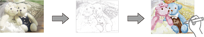 写真やイラストなどから輪郭だけを抜き出した下絵を印刷します。ペンなどで色を塗ってお楽しみください。
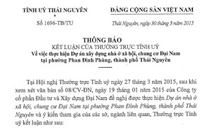 Thông báo Kết luận của Thường trực Tỉnh ủy về việc thực hiện Dự án xây dựng nhà ở xã hội, chung cư Đại Nam tại phường Phan Đình Phùng, thành phố Thái Nguyên.
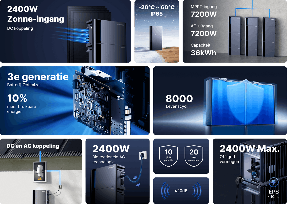- Max. 2400W in off-grid werking: Automatisch overschakelen binnen 10 ms om belangrijke apparaten soepel te laten werken bij stroomuitval.

======

■ TASK REQUIREMENTS ■
An exact, picture-free copy of the listing above is the goal; write it out now.

■ ANSWER SECTION ■
 写真やイラストなどから輪郭だけを抜き出した下絵を印刷します。ペンなどで色を塗ってお楽しみください。
 Thông báo Kết luận của Thường trực Tỉnh ủy về việc thực hiện Dự án xây dựng nhà ở xã hội, chung cư Đại Nam tại phường Phan Đình Phùng, thành phố Thái Nguyên.
- Max. 2400W in off-grid werking: Automatisch overschakelen binnen 10 ms om belangrijke apparaten soepel te laten werken bij stroomuitval.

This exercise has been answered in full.